Pharmacokinetics and Pharmacodynamics of Meropenem by Extended or Continuous Infusion in Low Body Weight Critically Ill Patients.

Abstract

Background: Pathophysiological changes such as extreme body weights in critically ill patients with severe infections may alter the pharmacokinetics (PK) of antimicrobials, leading to treatment failure or toxicity. There are almost no PK data on meropenem in critically ill patients with low body weight (LwBW) and therefore information is lacking on the most appropriate dosing regimens, especially when administered by extended infusion. Objectives: To assess if the current administered doses of meropenem could lead to supratherapeutic concentrations in LwBW patients and to identify the factors independently associated with overexposure. Methods: A matched case-control 1:1 study of surgical critically ill patients treated with meropenem administered by extended or continuous infusion and undergoing therapeutic drug monitoring was conducted. Cases (patients with LwBW (body mass index (BMI) < 18.5 kg/m2)) were matched with normal body weight controls (NBW) (patients with BMI ≥ 18.5 kg/m2 and ≤30 kg/m2)) by age, gender, baseline renal function and severity status (APACHE II score).

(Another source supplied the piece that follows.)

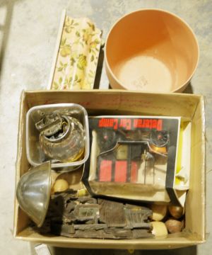 Collection of lighting and lighting related items to include brass, wooden and Art Deco-style examples (4 boxes)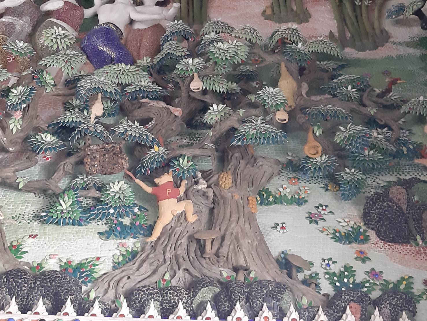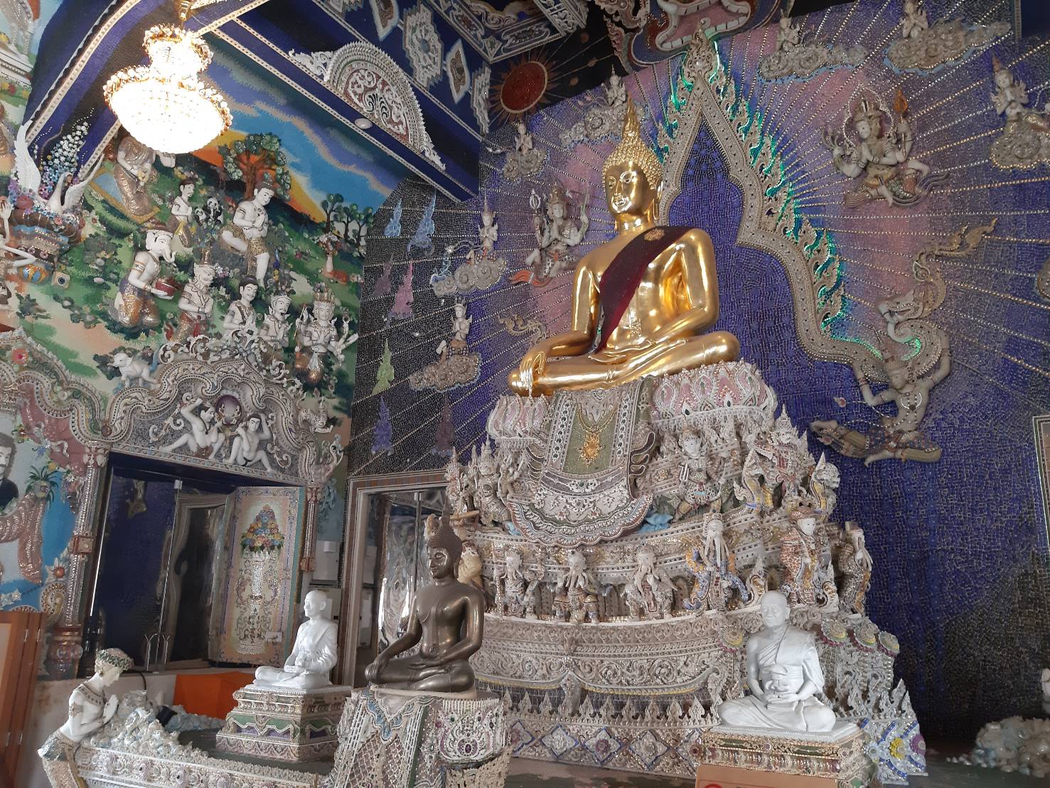 “วัดปริวาส” มีหลวงพ่อสุโขทัย เป็นพระประธาน ภายในโบสถ์มีประติมากรรมปูนปั้นเบญจรงค์ เป็นงานศิลปะนานาชาติร่วมสมัย ประกอบด้วย ภาพเทพเจ้า เทวดานางฟ้า ฤาษี ยักษ์มารสรรพสัตว์ต่าง ๆ จนถึงตัวละครสำคัญในมหากาพย์ชื่อดังอย่างรามเกียรติ์ สามก๊ก มังกรหยก รวมทั้งภาพยนตร์และการ์ตูนชื่อดังที่ใคร ๆ ก็รู้จัก อย่าง วินนี่ เดอะ พูห์ หมีอ้วนสีเหลือง กับการปีนเก็บน้ำผึ้ง ซึ่งเป็นหนึ่งในประติมากรรมปูนปั้นที่อยู่ภายในโบสถ์

A 100% fT > MIC was considered an optimal pharmacokinetic/pharmacodynamic (PK/PD) target and 100% fT > 10 × MIC as supratherapeutic exposure. Results: Thirty-six patients (18 cases and 18 controls) were included (median (range) age, 57.5 (26–75) years; 20 (55.6% male)). Meropenem was administered by 6 h (extended) or 8 h (continuous) infusion at a median (range) daily dose of 5 (1–6) g/day. Similar median meropenem trough plasma concentrations (Cmin,ss), measured pre-dose on day three to four of treatment) were observed in the two groups (19.9 (22.2) mg/L vs 22.4 (25.8) mg/L, p > 0.999). No differences in the proportion of patients with an optimal or a supratherapeutic PKPD target between cases and controls were observed. A baseline estimated glomerular filtration rate (eGFR) < 90 mL/min was the only factor independently associated with a supratherapeutic PK/PD target. Conclusions: LwBW seems not to be a risk factor for achieving a supratherapeutic PK/PD target in critically ill patients receiving meropenem at standard doses by extended or continuous infusion.